I have several thoughts for Lauren, and we’ll get to them, but the most important thing I have to say is that you can do it! You live in our neighborhood, so I know for a fact that the resources are here. Yes, it can feel scary, and you will certainly have to figure out new ways to do some things, but I bet you’ll feel a payoff pretty quickly in terms of your place in our community, your health and that feeling of freedom that comes from knowing you’ll never get a parking ticket again. Now, for the first portion of some more detailed thoughts:
GEAR: It sounds like you have a completely reasonable bike set-up in order to use biking for a lot of your transport needs. Your trailer can be used easily for either kid or cargo, and if you need to haul cargo and kid at once, you can put the kid in the bike seat and haul stuff in the trailer. You might consider getting a hitch on both bikes if you haven’t done so already. You also might consider some rain gear (like a raincover for the trailer, and rain pants and jacket for adults.) The number of days that you can ride comfortably in this area goes up dramatically once you are moderately protected from water. However, that said, we still only have one set of adult rain gear in our house, and we’re fine. I got a LOT happier with my bike commute once I got rain gear, and now that Angela has been borrowing mine while I was on pregnancy bike hiatus, we may need to buck up and get a second set. Mostly though, if your bikes work and you have a way to haul both kid and some cargo, you are fine, and any remaining gear decisions come easier if you go ahead and ride with what you have, and then notice what drives you crazy the most. Then you can find gear that troubleshoots that problem specifically, rather than trying to anticipate all possible needs ahead of time (which will just make you spend a lot of money).
At some point quite soon, your 3.5 y.o. will outgrow the bike seat (most American seats have a 40 pound limit). The trailer work for a while after that, but soon that won’t work either. If you’re a carfree or mostly carfree family, consider the next kid-hauling purchase with cargo as well as kid in mind. The most common next step from the trailer is a trail-a-bike, but like the trailer, that has an extremely limited lifespan and even worse, provides no cargo capacity.
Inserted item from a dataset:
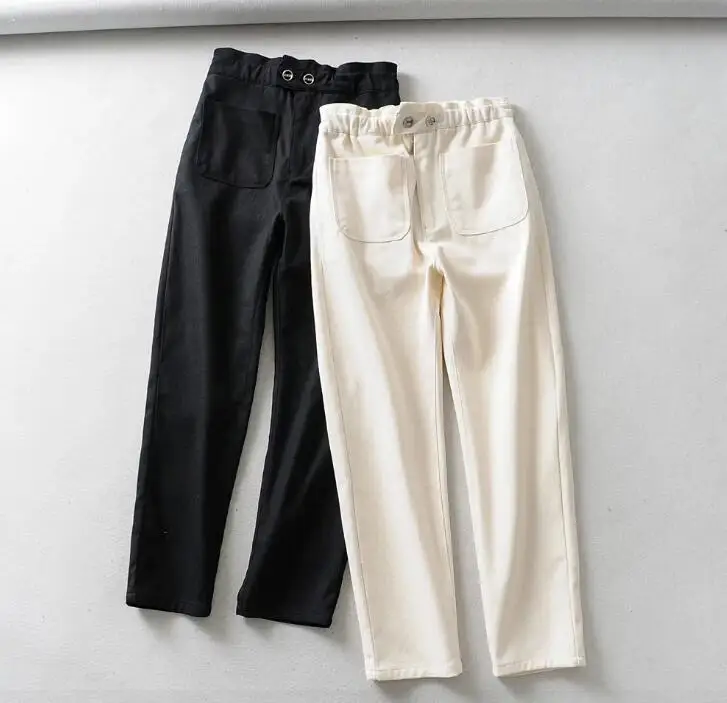 Product Name: 2019 Vintage Bianco Nero Dei Jeans A Vita Alta Pantaloni In Denim Primavera Estate Jeans Delle Donne Button Fly Pantaloni di Lunghezza Della Caviglia
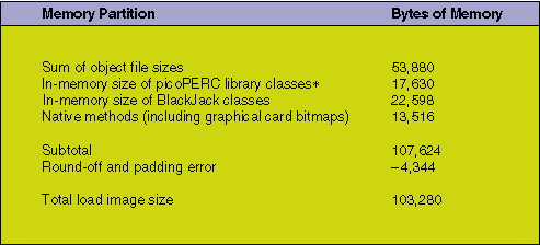 Table 1: Memory layout. (*The in-memory sizes of Java classes are approximated by scaling individual class file sizes proportional to the ratio between the sum of class file sizes and the size of the ROM memory image.)

If you need the trail-a-bike for the kid and also need to carry groceries what do you do? Well, some folks make giant trains by hooking a trailer to the trail-a-bike, and that does work, but it’s a lot of weight and, in my opinion, a lot of accident risk due to sheer length. Another option is to go with both front and rear panniers on the adult bicycle, which does get you something, but if you need to haul groceries for a whole family, that probably won’t cut it. We love our xtracycle (see also xtracycle.com) for its ability to carry both kid and stuff in a relatively compact package. There are other great cargo options out there (including the ute and the madsen), but from a price perspective, you might have great luck converting one of your existing adult bikes to an xtra, or possibly even both, once the trailer is outgrown. Even though a conversion would cost more than an trailer-bike, it would get you many many more years of use, and would be useful long after the kid bikes on his/her own. But you don’t have to do it now. You can wait, see how your car-free lives unfold, and then assess down the line what next purchase will give your family the most use.